On Thu, 14 Sep 2017, Riccardo (Jack) Lucchetti wrote:
 On Wed, 13 Sep 2017, Allin Cottrell wrote:
>> Not sure about this, but my initial reaction is that it may be assuming 
>> too much about our "discrete" series.
>> 
>> In R, isn't a "factor" a variable that (in gretl parlance) has to
be 
>> "dummified" before use in regression?  That is, an arbitrary encoding
of a 
>> qualitative characteristic?
 Yes, you're right.
>> If so, then I think the above is wrong, since a gretl-discrete series 
>> could be a perfectly valid (albeit quantized) quantitative variable; for 
>> example, years of education or number of bedrooms.
>> 
>> But If I'm wrong about what a "factor" is to R, my objection may
fall.
> 
> Sorry, I should have added: we now have the facility, under the "setinfo" 

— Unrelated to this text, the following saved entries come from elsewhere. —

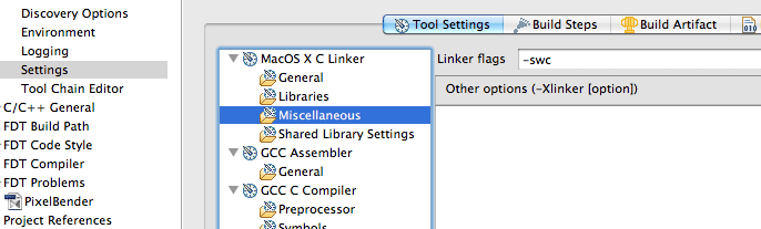- Add linker flag "-swc" at "MacOS X C Linker/Miscellaneous" section.
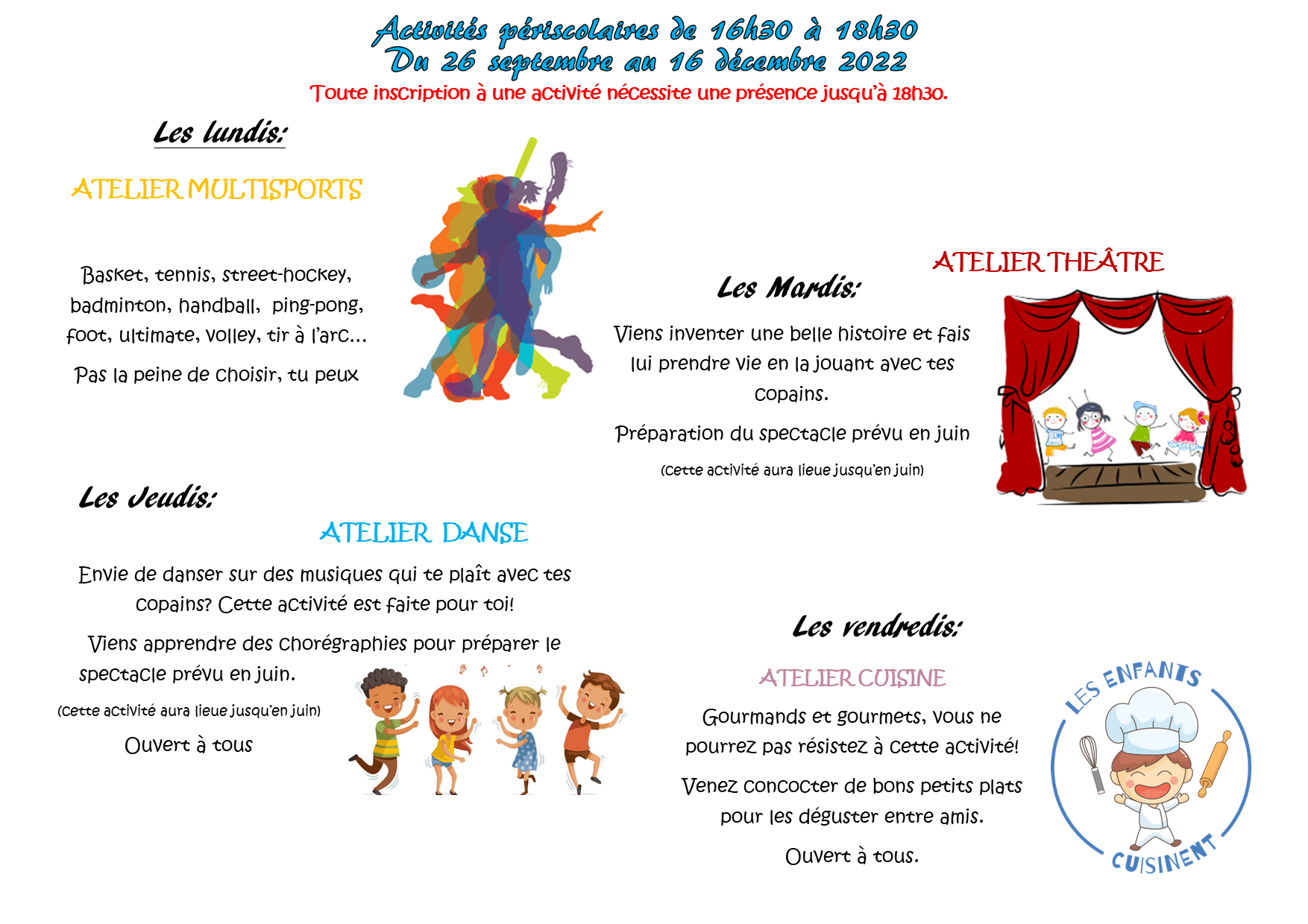 Pensez à remplir un dossier d'inscription pour toute nouvelle inscription. Les dossiers sont disponibles en téléchargement dans l'onglet "infos pratiques", rubrique "dossiers d'inscription".
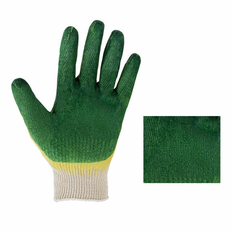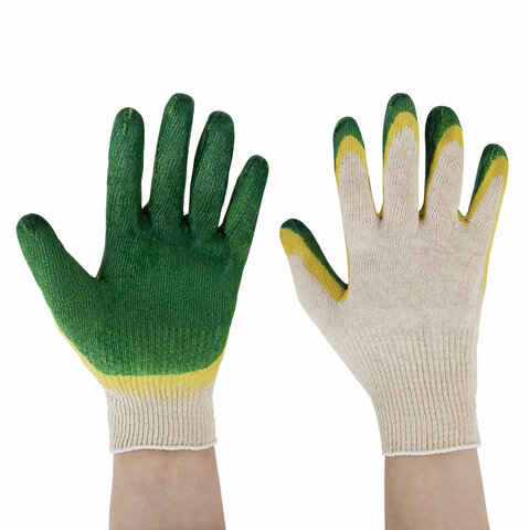Перчатки хлопчатобумажные износостойкие ДВОЙНОЙ облив, 13 класс, КОМПЛЕКТ 100 ПАР, LAIMA ЛЮКС, 608673

> command, of marking a series as "coded". And when we write a
"coded" series 
> as CSV we quote the numerical values, in response to which R automatically 
> treats the series as a "factor". So I think we already have what you're
> aiming at here.
 I agree that the mapping to R's factors is much more accurate if we used the 
 "coded" bit. However, R doesn't seem to make this distinction automagically
 for integer-valued coded strings. Example:
 <hansl>
 nulldata 50
 cont1 = normal()
 disc1 = floor(uniform(1,5))
 disc2 = floor(uniform(4,18))
 stringify(disc1, defarray("a", "b", "c", "d")) #
string-valued series
 list D = disc1 disc2
 loop foreach i D
    setinfo $i --coded
 endloop
 foreign language=R --send-data
    summary(gretldata);
 	is.factor(gretldata$disc1);
 	is.factor(gretldata$disc2);
 end foreign
 </hansl> 
Hmm, I see what you mean. Not sure where I got the idea that "quoted 
in CSV" means factor to R, but apparently it's not true in general.
 Perhaps we could force R to treat variables as factors via an
additional 
 option to foreign, something like
 foreign language=R --send-data --as-factors=X
 where X is a list. 
In git there's now something more automated than that: we have a 
variant of what you sketched in
http://lists.wfu.edu/pipermail/gretl-devel/2017-September/007916.html
whereby we send R a matrix that identifies any "coded" series in
gretl as factors for R. (We handle the case where the data passed to 
R are a subset of the full dataset, as in --send-data=Rlist.)
Allin